The essential problem we must confront is how to rectify a world economic system that has gone hopelessly wrong
Speaking at the London Business School recently, former Reserve Bank governor Raghuram Rajan warned that the global economy was “slowly slipping” into the Great Depression-like problems of the 1930s and that central banks must sit together and define the new “rules of the game” to find better solutions.
Dr Rajan, who was earlier IMF’s chief economist, was one of the few to have predicted the 2007-08 financial crisis.
The essential problem we must confront is how to rectify a world economic system that has gone hopelessly wrong and resembles nothing like what was envisaged in early 1940s. To understand the situation we are in, imagine living on an island as a part of a small group, in which people are assigned specific vocations and tasks.
In this system one person makes clothes, another shoes, someone pots and pans, someone grows food and someone else prints money to facilitate the exchange of goods and services. The shoemaker exchanges his goods with another for money which he uses to pay for food or whatever.
Since everybody in this system can produce as much as possible, the person who prints the money will be best off among all as he can buy whatever he wants and pay for it with his own money. Take this one step further. Producers who hold more paper than they need then start leaving it with the person who prints them to hold.

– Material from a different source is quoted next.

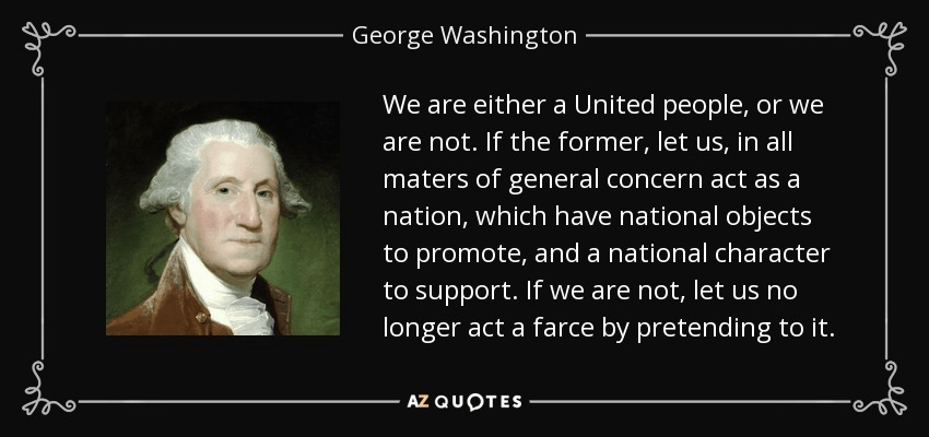 “We are either a United people, or we are not. If the former, let us, in all matters of general concern act as a nation, which have national objects to promote, and a national character to support. If we are not, let us no longer act a farce by pretending to it.” – George Washington (1785)

In 2019, world GDP was about $88 trillion, and the per capita GDP was $11,400. In the past 10 years, world GDP growth declined from 3.13 per cent to 2.47 per cent. In 1960, WGDP was $11.35 trillion (constant 2010). It was just $1.1 trillion in 1900 and took 50 years to grow fourfold to $4.01 trillion. The big leaps began after 1971 when US President Richard Nixon unilaterally delinked the US dollar from the international gold standard. In 2000, it scaled $51 trillion.
The total world merchandise trade in 2019 was $19.5 trillion, with China (without Hong Kong) the biggest player, accounting for $5.31 trillion, with a trade surplus of $422 billion. The top five global traders account for 50.6 per cent of world trade. The EU’s share is $4.49 trillion and the United States’ is $3.91 trillion, also accounting for about a quarter of world trade.

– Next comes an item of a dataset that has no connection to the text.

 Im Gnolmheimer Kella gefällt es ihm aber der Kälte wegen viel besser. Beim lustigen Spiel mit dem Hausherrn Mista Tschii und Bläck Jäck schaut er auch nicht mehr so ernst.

The most preferred global currency is the US dollar. Total world reserves in 2019-Q2 was $11.8 trillion, of which 61.8 per cent was held in US dollars, 20.5 per cent in euros, 5.7 per cent in yen and 1.8 per cent in Renminbi.
Almost all these reserves are held by individual countries in the form of bonds, mostly earning very small or even zero interest rates. This is like money deposited in a bank, but it’s really money lent to the issuing country.
As the reserves are mostly in US dollars and euros, the issuing countries have little reason to hold much of them as reserves. The total US reserves are about $132 billion. Contrast this to India’s $535 billion (including $35 billion in gold) and China’s $3,300 billion.
In 1995, advanced economies held around 67 per cent of total foreign exchange reserves, with 82 per cent of these being allocated reserves. By 2011, the picture had been flipped on its head: emerging and developing countries held 67 per cent of total reserves.
The purpose of sharing these three world economy snapshots is to offer a general backdrop on how we have come to this pass. A situation where the rest of the world invests in the US, so that it can splurge on itself. When it’s short, it can just print more dollars, which the rest of us lap up quite happily.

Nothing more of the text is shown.